Analicemos entonces los dos aspectos fundamentales que parecen derivarse de la estrategia de política monetaria que actualmente pone en práctica el BCV. Por un lado, el BCV viene decididamente actuando sobre las tasas de interés de corto plazo, intentando tener algún alcance sobre las tasas de interés del mercado bancario. Por otro, el propósito fundamental de la política monetaria parece estar más asociado a la contribución que pueda darse al crecimiento de la economía (en un contexto en el que muy probablemente la demanda de dinero esté creciendo).30 En un marco como éste no hay cabida alguna para el control de los agregados monetarios. No se trata ya de poner en evidencia la erosionada capacidad que tiene el Banco Central para acometer semejante tarea, sencillamente, el procedimiento y objeto de la política monetaria apuntan a otro lugar hoy día. En ese sentido, los retos analíticos y prácticos para el Banco Central son otros. La formula práctica a través de la cual el BCV puede ejercer un control indirecto de la tasas, sin crear distorsiones o desestímulos a la actividad financiera es uno de ellos. El canal de transmisión de las tasas hacia el mercado de crédito puede ser otro (tal relación es digna de ser estudiada como deja ver la Figura 18, al menos para el breve lapso que se inicia en 2002). No deja de ser importante la forma en que se vincula el mercado de crédito con la actividad económica real. Aquí también hay indicios de que la correlación entre el crédito real y la actividad económica es bastante estrecha.

 

 

Conclusiones

En contraste con la enseñanza convencional, los bancos centrales han venido mostrando en los últimos años una tendencia creciente a desistir de los agregados monetarios como objetivos intermedios de política monetaria (De Gregorio, 2003). Las palabras de Charles Bouey, ex-presidente del Banco de Canadá, no pueden ser más elocuentes al respecto: "Nosotros no abandonamos a los agregados monetarios, ellos nos abandonaron".31 El caso venezolano reciente no parece ser la excepción. Por el contrario, más bien parece demostrar que en una economía abierta y dependiente de un recurso natural, los objetivos intermedios basados en agregados monetarios se ven aun más comprometidos. En general hemos esgrimido varias razones y mostrado algunos indicios para sustentar esta afirmación.

• Las reservas bancarias, y en específico las reservas excedentes, que constituyen un componente esencial del dinero base, exhiben una gran variabilidad. Este es un mercado que está escasamente sujeto a la regulación de la autoridad monetaria.

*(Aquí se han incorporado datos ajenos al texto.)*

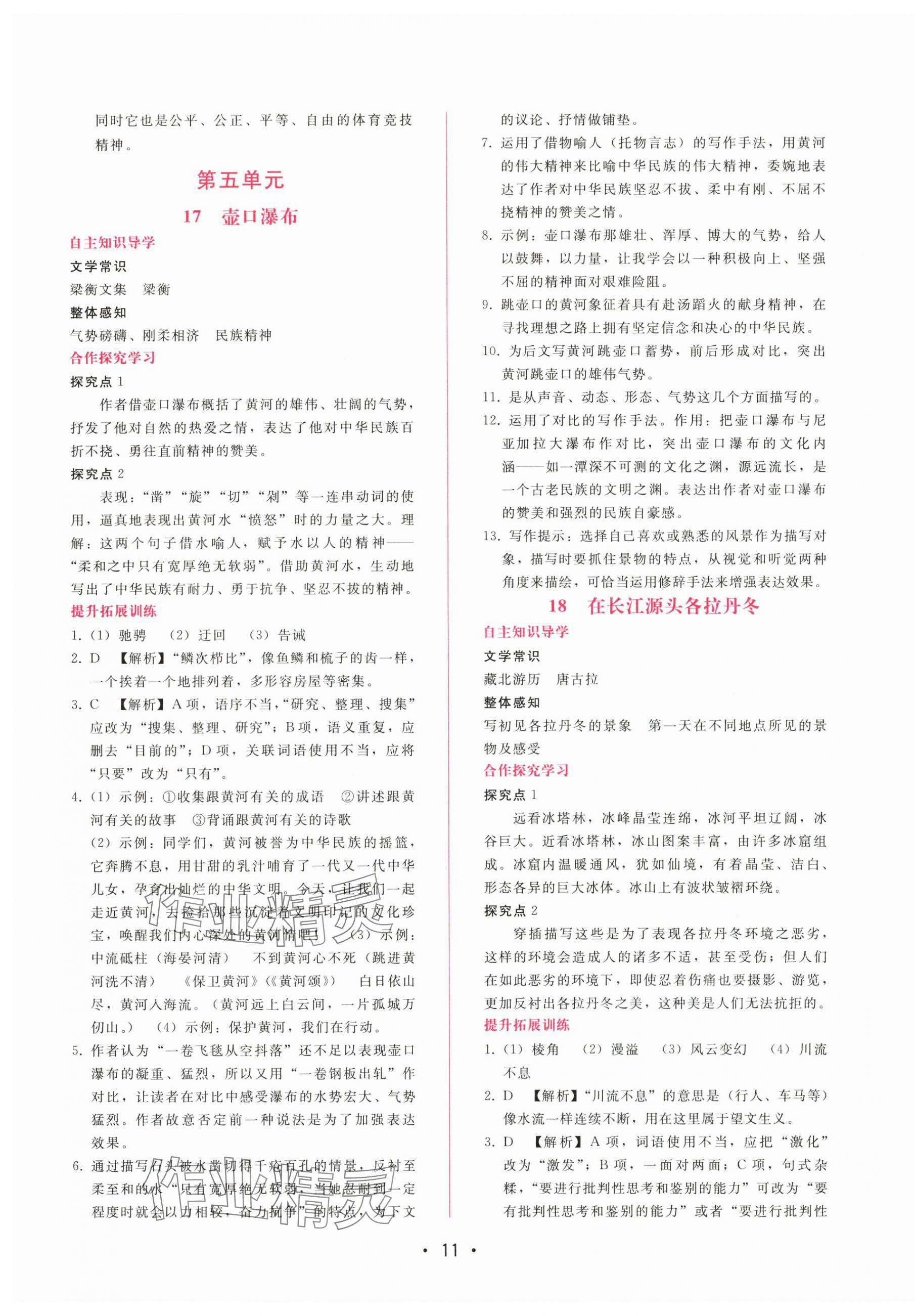 注:目前有些书本章节名称可能整理的还不是很完善,但都是按照顺序排列的,请同学们按照顺序仔细查找。练习册 2024年新课程学习辅导八年级语文下册人教版 答案主要是用来给同学们做完题方便对答案用的,请勿直接抄袭。
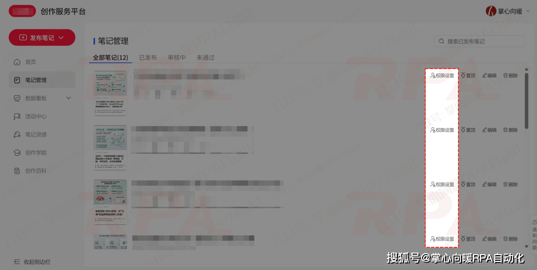 这是一款基于影刀RPA开发的"自动化调整红薯笔记可见范围的RPA『机器人』️(网页自动化)",通过红薯网页端"创作服务后台",实现笔记"隐藏&公开"的权限自动化调整。
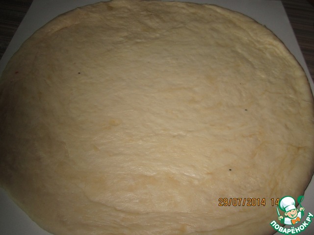Переходим к формовке пиццы: Тесто раскатываем тонкой, круглой лепешкой.
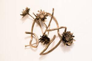 Toujours dans cette veine de la nature morte, les sculptures florales de Victoire Inchauspé font écho à toute cette tradition de la fleur, symbole de vie et de mort. Figée par la sculpture, la fleur de Victoire Inchauspé – dahlia ou marguerite ? – diffuse une poésie lumineuse et légère dans la pièce. Une des sculptures est posée sur un tissu rose, prête à être enveloppée et à être déposée sur un autel imaginaire.

• La gestión fiscal del gobierno ejerce una influencia decisiva en el comportamiento de la base monetaria, muy a pesar de las acciones reactivas que pueda tomar el Banco Central con sus instrumentos de intervención. La evolución de la base monetaria está muy asociada al comportamiento tendencial del gasto operacional, y el gasto evoluciona al mismo ritmo que el ingreso petrolero externo.

• El multiplicador monetario, del cual forma parte la razón reservas/depósitos, es un parámetro poco estable, poco predecible e impedido de transmitir con precisión las señales de la política del dinero base hacia agregados más amplios.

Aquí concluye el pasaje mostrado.